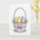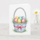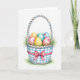 This card shows a spring basket centered on a wide white background, giving the scene lots of airy space around it 🌷. The basket has a blue-and-white gingham pattern, wrapped with a soft pink ribbon tied into a neat bow that feels like a gentle gift between close friends 🐰. A braided handle in pale blue and light beige arches over the top, adding a cozy, touchable look. Inside, six glossy eggs rest in bright green grass, nestled close together like they were arranged with care for someone special. The eggs include sunny yellow, rosy pink, turquoise, and warm orange, each decorated with tiny flowers or fine stripes that suggest a sweet, shared tradition. Near the top of the design, “Happy Easter” appears in a light pink, simple lettering that stands out softly against the white space. Small white-and-pink blossoms dot a couple of the eggs, and the bow’s tails curl slightly along the basket’s front.
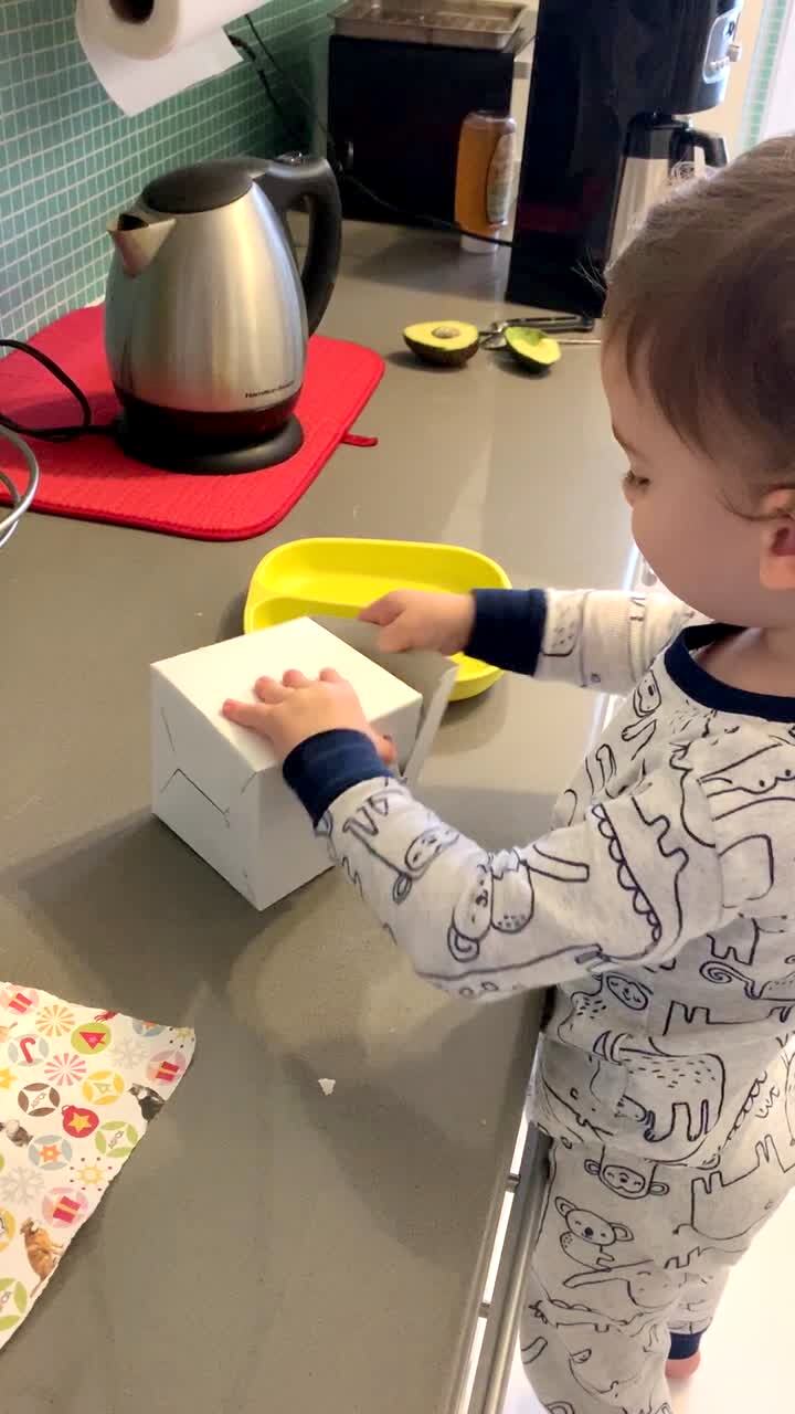 A tot boy opens a Christmas present and gets a glass Christmas ornament but he throws it on the floor in a kitchen and it shatters.
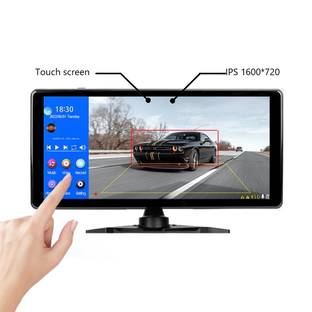 IPS touch screen:1600*720, brightness:500cd/m², Contrast: 500:1, view angle:U:85,D:85, R/L:85
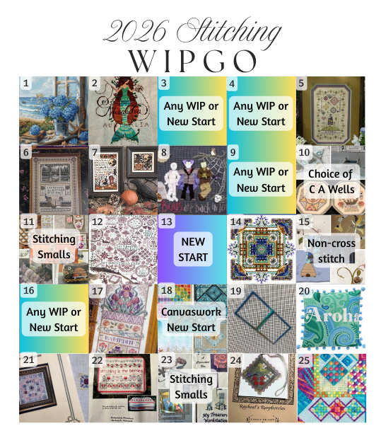 Here’s my stitching WIPGO board for the year – I also have another board for sewing projects, cardmaking products, and reading books (it lists all the authors I own the most books from, and I choose a book by that author each month).
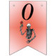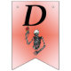 Cette bannière en forme de drapeau, Happy Birthday, est rouge au centre et s'estompe en rose avec un squelette tenant une seule rose rouge sur une tige au-dessus de sa tête. Customisez le Joyeux texte d'anniversaire et l'année d'anniversaire avec les modèles.
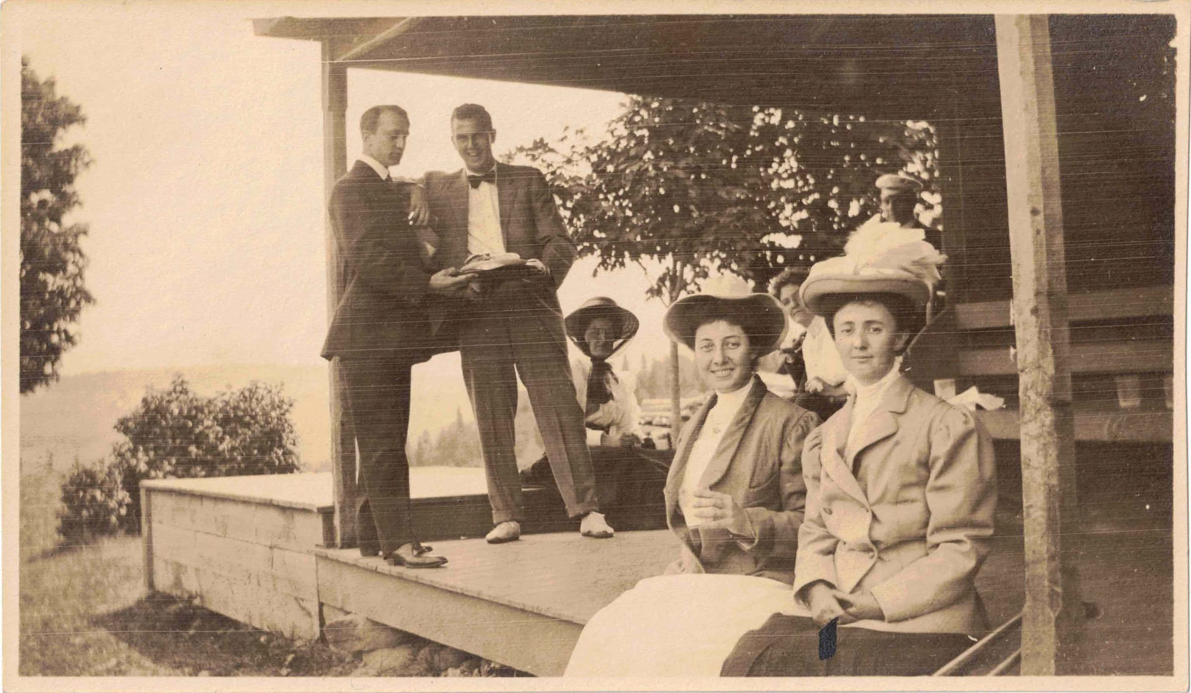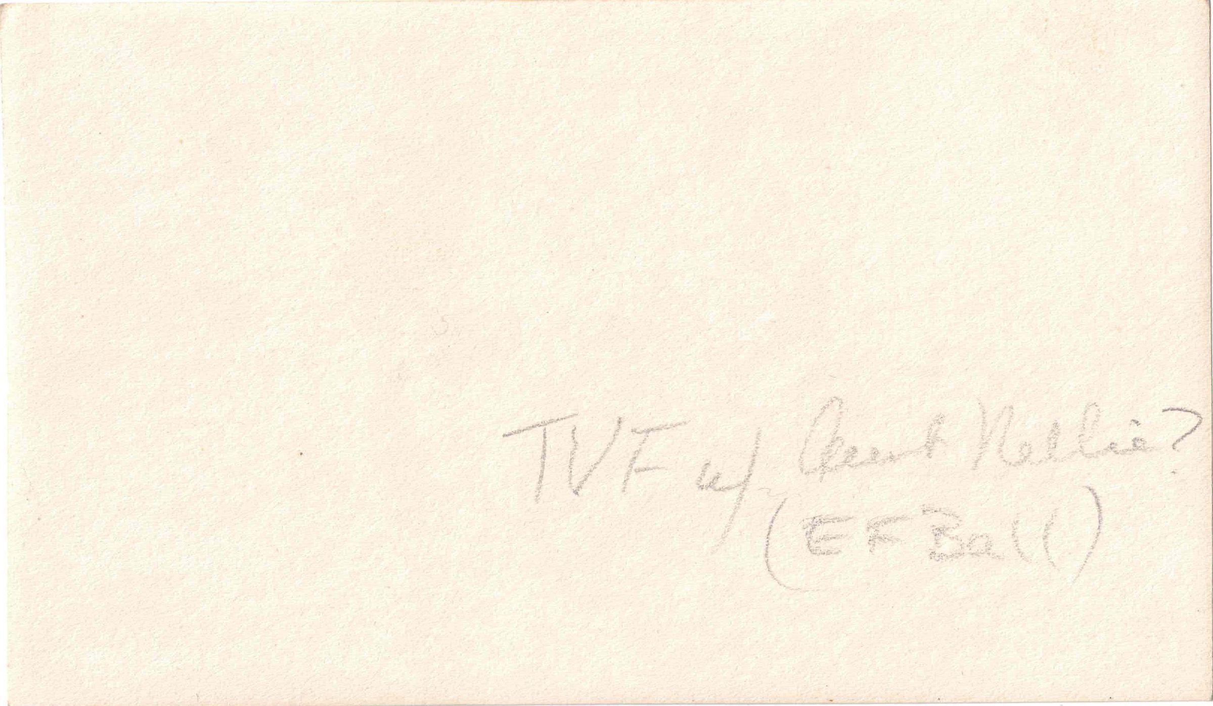 Photograph of Tarsilla Schuster and a woman identified on the back as "Aunt Nellie" sitting on a porch; Tarsilla holds a drink in her hand. Two men and two other women are in the background, all unidentified. Caption on reverse reads, "TVF w/Aunt Nellie? (EF Ball)."Photograph Details
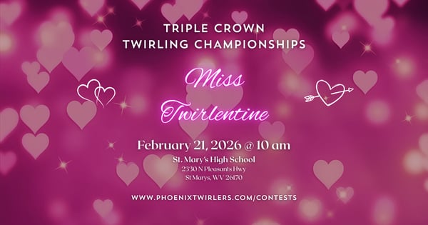 Points earned from each contest will be tallied together at the end of the 3rd contest to name the TRIPLE CROWN TWIRLING CHAMPION in each age division and in teams!
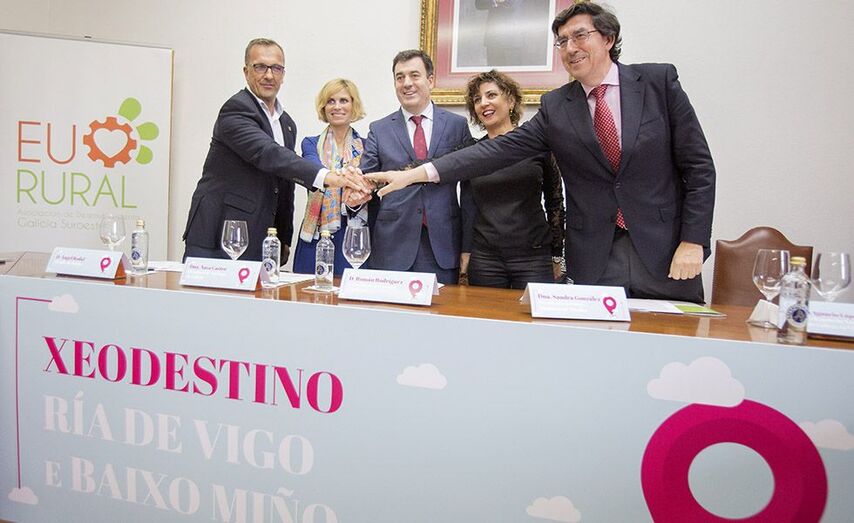 O Xeodestino da Ría de Vigo e Baixo Miño dá os seus primeiros pasos. A Asociación de Desenvolvemento Galicia Suroeste Eurural, os 13 concellos do territorio do GDR 14 (Baiona, Fornelos de Montes, Gondomar, A Guarda, Mos, Nigrán, Oia, Pazos de Borbén, O Porriño, Redondela, O Rosal, Tomiño e Tui) e o concello de Soutomaior asinaron este mércores 17 de outubro un convenio de colaboración para a posta en marcha, xestión e e dinamización desde xeodestino turístico, o primeiro de toda Galicia en ser xestionado por un Grupo de Desenvolvemento Rural (GDR). Con esta iniciativa búscase aglutinar esforzos e xerar un maior fluxo turístico nos 14 municipios que abrangue o xeodestino e dar resposta a unha actividade económica complexa de carácter transversal cun mercado tremendamente esixente, dinámico e influenciable.
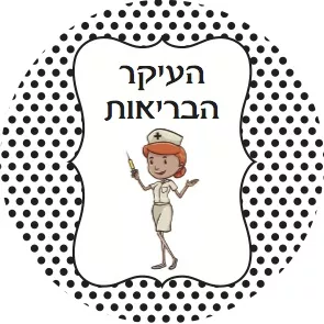 דף A4 המכיל 24 מדבקות עגולות איכותיות בקוטר 4 ס״מ בעיצוב – העיקר הבריאות
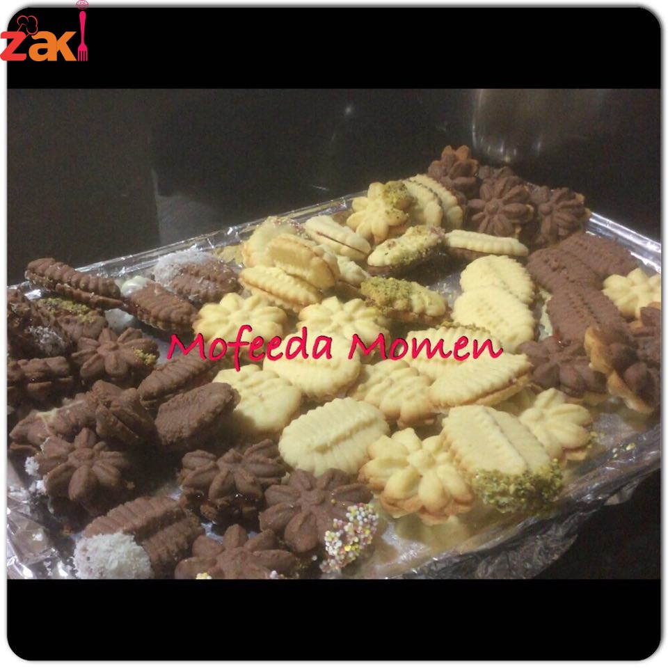 ممكن تقسيم العجينة نصفين نصف يترك ابيض ويضاف كاكاو الي النصف الباقي يسوف في فرن هادي ولا يترك يتغير لونه بعد ان يبرد تلصق كل حبتين بالمربي وتجمل بالشيكولاته والمكسرات#مفيدة#
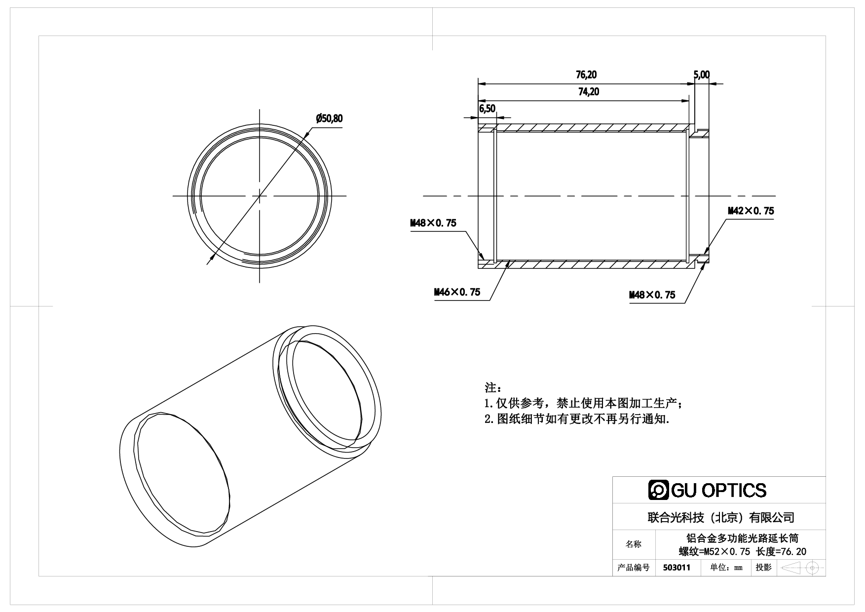多功能光路延长筒(Multi Purpose Extension Tube)用于光路中,可以方便调整光学器件的空间间隔,配合调焦部件,更可以实现不同光学部件间隔的精密调整。联合光科技提供的多功能光路延长筒内部都有精密车制的标准螺纹,双端都有标准螺纹接口用于和光桥系统所有其他产品的互联。所有多功能光路延长筒内部都有精密车制的标准螺纹,同时双端都有标准螺纹接口用于和光桥系统所有其他产品的互连。 当多功能光路延长筒仅用于延长光路使用时,其内部精密螺纹结构起到消光作用,为光路中杂散光的消除提供了极大的帮助,同时也彻底排除了外界杂散光对光学系统的干扰。当多功能光路延长筒和安装压圈配合使用时,可以将各种标准口径的光学元件安装并固定在延长筒内部。这样为使用者提供了方便且经济的办法,用于镜头原型的设计及试验,或用于复杂光学系统的建立。

++++

**What to produce**: Apart from the pictures, all of the data must be duplicated exactly as shown above.

**Exercise answer**:
 This card shows a spring basket centered on a wide white background, giving the scene lots of airy space around it 🌷. The basket has a blue-and-white gingham pattern, wrapped with a soft pink ribbon tied into a neat bow that feels like a gentle gift between close friends 🐰. A braided handle in pale blue and light beige arches over the top, adding a cozy, touchable look. Inside, six glossy eggs rest in bright green grass, nestled close together like they were arranged with care for someone special. The eggs include sunny yellow, rosy pink, turquoise, and warm orange, each decorated with tiny flowers or fine stripes that suggest a sweet, shared tradition. Near the top of the design, “Happy Easter” appears in a light pink, simple lettering that stands out softly against the white space. Small white-and-pink blossoms dot a couple of the eggs, and the bow’s tails curl slightly along the basket’s front.
 A tot boy opens a Christmas present and gets a glass Christmas ornament but he throws it on the floor in a kitchen and it shatters.
 IPS touch screen:1600*720, brightness:500cd/m², Contrast: 500:1, view angle:U:85,D:85, R/L:85
 Here’s my stitching WIPGO board for the year – I also have another board for sewing projects, cardmaking products, and reading books (it lists all the authors I own the most books from, and I choose a book by that author each month).
 Cette bannière en forme de drapeau, Happy Birthday, est rouge au centre et s'estompe en rose avec un squelette tenant une seule rose rouge sur une tige au-dessus de sa tête. Customisez le Joyeux texte d'anniversaire et l'année d'anniversaire avec les modèles.
 Photograph of Tarsilla Schuster and a woman identified on the back as "Aunt Nellie" sitting on a porch; Tarsilla holds a drink in her hand. Two men and two other women are in the background, all unidentified. Caption on reverse reads, "TVF w/Aunt Nellie? (EF Ball)."Photograph Details
 Points earned from each contest will be tallied together at the end of the 3rd contest to name the TRIPLE CROWN TWIRLING CHAMPION in each age division and in teams!
 O Xeodestino da Ría de Vigo e Baixo Miño dá os seus primeiros pasos. A Asociación de Desenvolvemento Galicia Suroeste Eurural, os 13 concellos do territorio do GDR 14 (Baiona, Fornelos de Montes, Gondomar, A Guarda, Mos, Nigrán, Oia, Pazos de Borbén, O Porriño, Redondela, O Rosal, Tomiño e Tui) e o concello de Soutomaior asinaron este mércores 17 de outubro un convenio de colaboración para a posta en marcha, xestión e e dinamización desde xeodestino turístico, o primeiro de toda Galicia en ser xestionado por un Grupo de Desenvolvemento Rural (GDR). Con esta iniciativa búscase aglutinar esforzos e xerar un maior fluxo turístico nos 14 municipios que abrangue o xeodestino e dar resposta a unha actividade económica complexa de carácter transversal cun mercado tremendamente esixente, dinámico e influenciable.
 דף A4 המכיל 24 מדבקות עגולות איכותיות בקוטר 4 ס״מ בעיצוב – העיקר הבריאות
 ممكن تقسيم العجينة نصفين نصف يترك ابيض ويضاف كاكاو الي النصف الباقي يسوف في فرن هادي ولا يترك يتغير لونه بعد ان يبرد تلصق كل حبتين بالمربي وتجمل بالشيكولاته والمكسرات#مفيدة#
多功能光路延长筒(Multi Purpose Extension Tube)用于光路中,可以方便调整光学器件的空间间隔,配合调焦部件,更可以实现不同光学部件间隔的精密调整。联合光科技提供的多功能光路延长筒内部都有精密车制的标准螺纹,双端都有标准螺纹接口用于和光桥系统所有其他产品的互联。所有多功能光路延长筒内部都有精密车制的标准螺纹,同时双端都有标准螺纹接口用于和光桥系统所有其他产品的互连。 当多功能光路延长筒仅用于延长光路使用时,其内部精密螺纹结构起到消光作用,为光路中杂散光的消除提供了极大的帮助,同时也彻底排除了外界杂散光对光学系统的干扰。当多功能光路延长筒和安装压圈配合使用时,可以将各种标准口径的光学元件安装并固定在延长筒内部。这样为使用者提供了方便且经济的办法,用于镜头原型的设计及试验,或用于复杂光学系统的建立。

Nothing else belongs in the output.